Benchmarking Data-Driven Rainfall-Runoff Models in Great Britain: A comparison of LSTM-based models with four lumped conceptual models

Abstract

Long short-term memory models (LSTMs) are recurrent neural networks from the emerging field of Deep Learning (DL), which have shown recent promise when predicting time-series especially when data are abundant. Rainfall-runoff modelling presents a challenge, yet accurate hydrological models are vital for flood forecasting, hazard impact assessment, and to assess the potential effects of climate change on floods and water resources. In this study, we compare the performance of two DL-based models, a LSTM and an Entity Aware LSTM (EA LSTM). The DL models were trained using a newly published data set, CAMELS-GB, for a sample of 518 catchments across Great Britain.

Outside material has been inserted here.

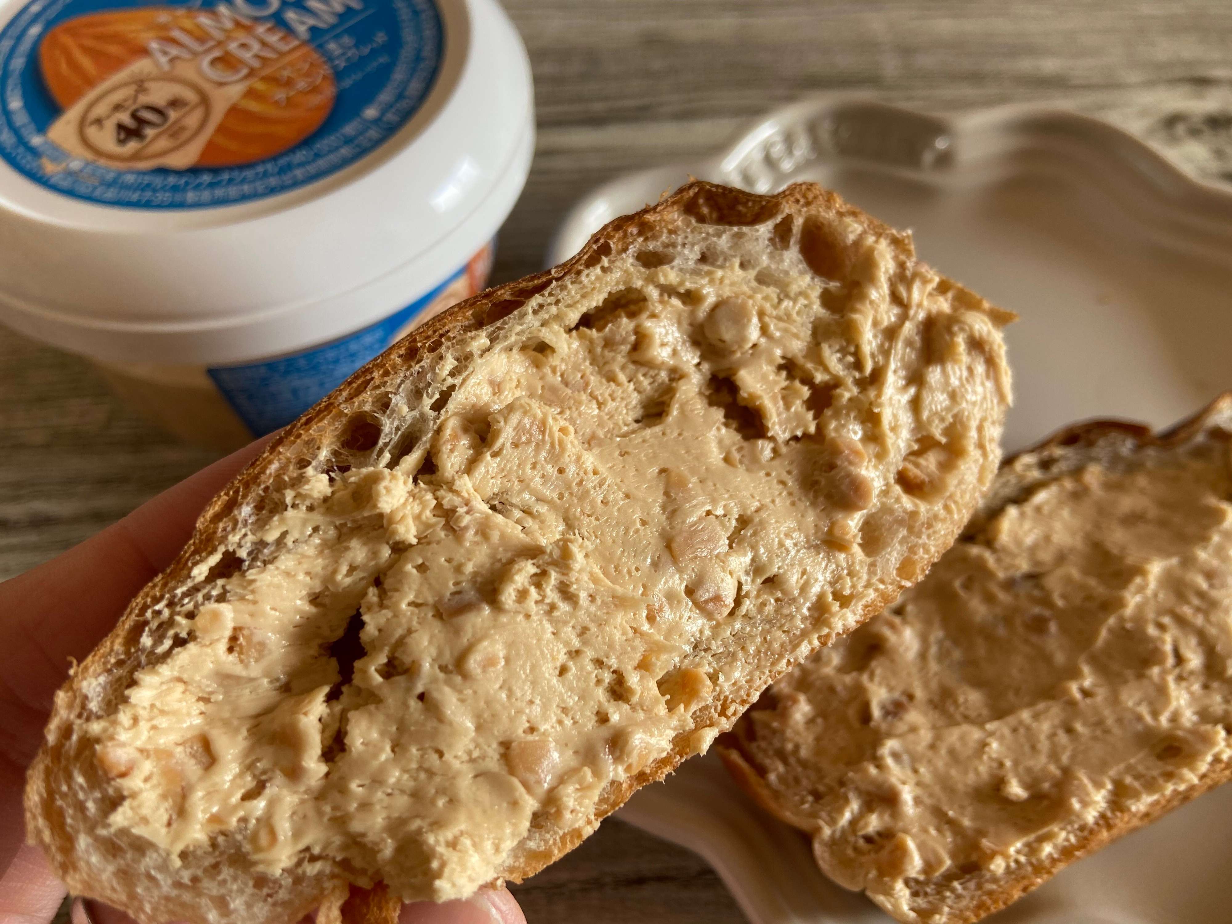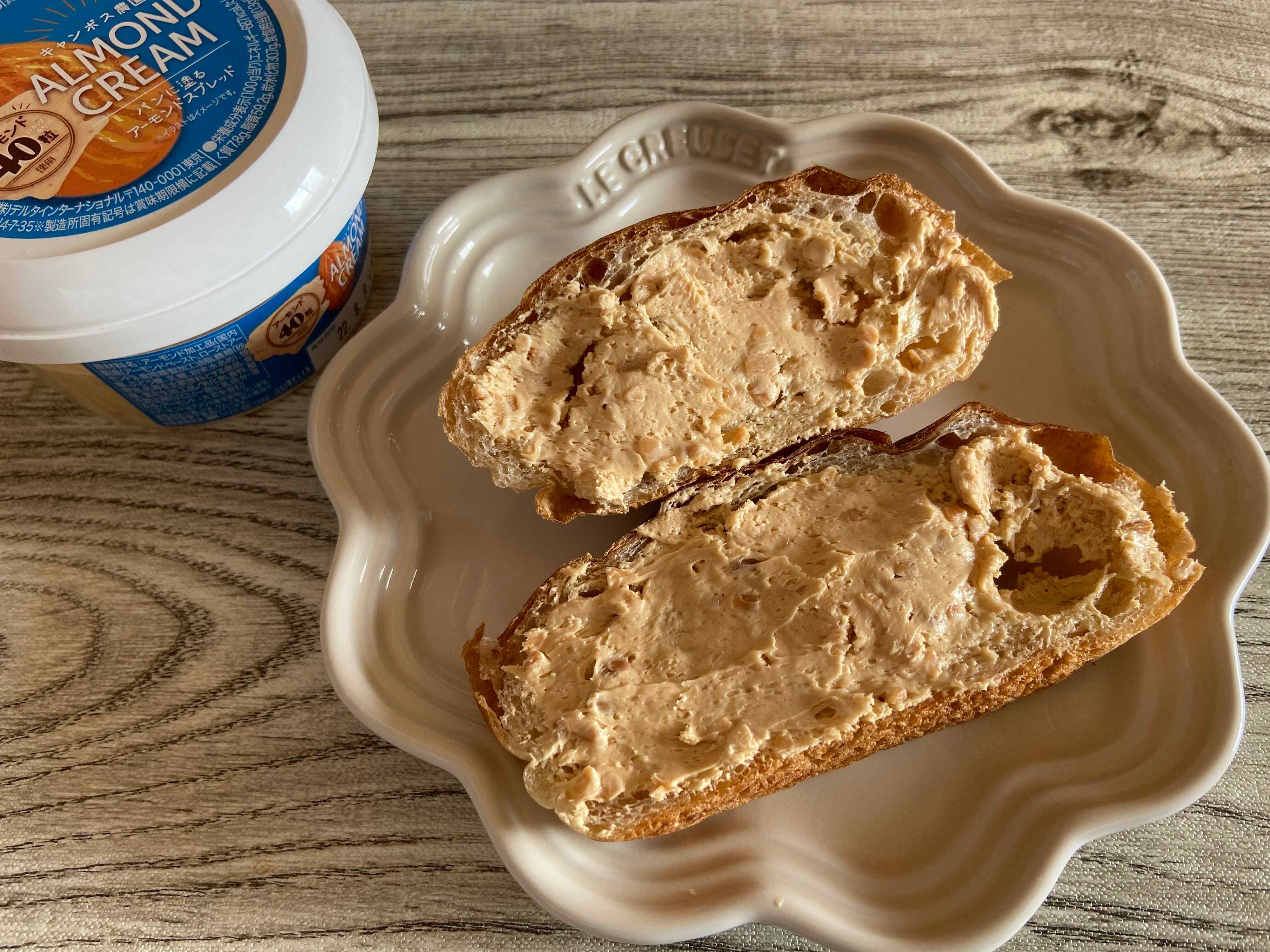 アーモンドのつぶつぶがたっぷりで香ばしく、アーモンド好きにはたまらない濃厚なアーモンドスプレッド。パンを軽くトースターで焼いてから塗ると、クリームがじゅわっとパンに染み込み、こちらもおいしくておすすめ!
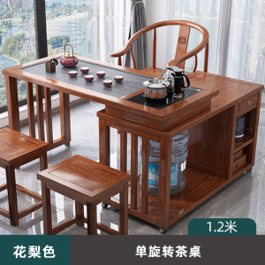 1.2M花梨色 旋转茶桌单桌 送全自动煮茶套装

To identify spatial and seasonal patterns in model performance, we compare the DL models against benchmark outputs from four lumped conceptual models recently configured for rainfall-runoff modelling in Great Britain. Our findings show that the LSTM models simulate discharge with consistently high model performance scores, including in catchments typically considered difficult to model. The LSTM achieves a mean catchment NSE of 0.88 (0.86 for the EALSTM), which represents a performance improvement of 10 %–16 % compared with the benchmark conceptual models. Seasonal and spatial patterns indicate that the largest performance improvement relative to the benchmark is in the drier summer months and in drier catchments in the South East of England. By comparing LSTMs with conceptual models, we diagnose possible reasons for their different performance. We suggest that LSTMs offer useful predictive capability for rainfall-runoff modelling in Great Britain and elsewhere and note their value to support process understanding in locations where processes are less well understood.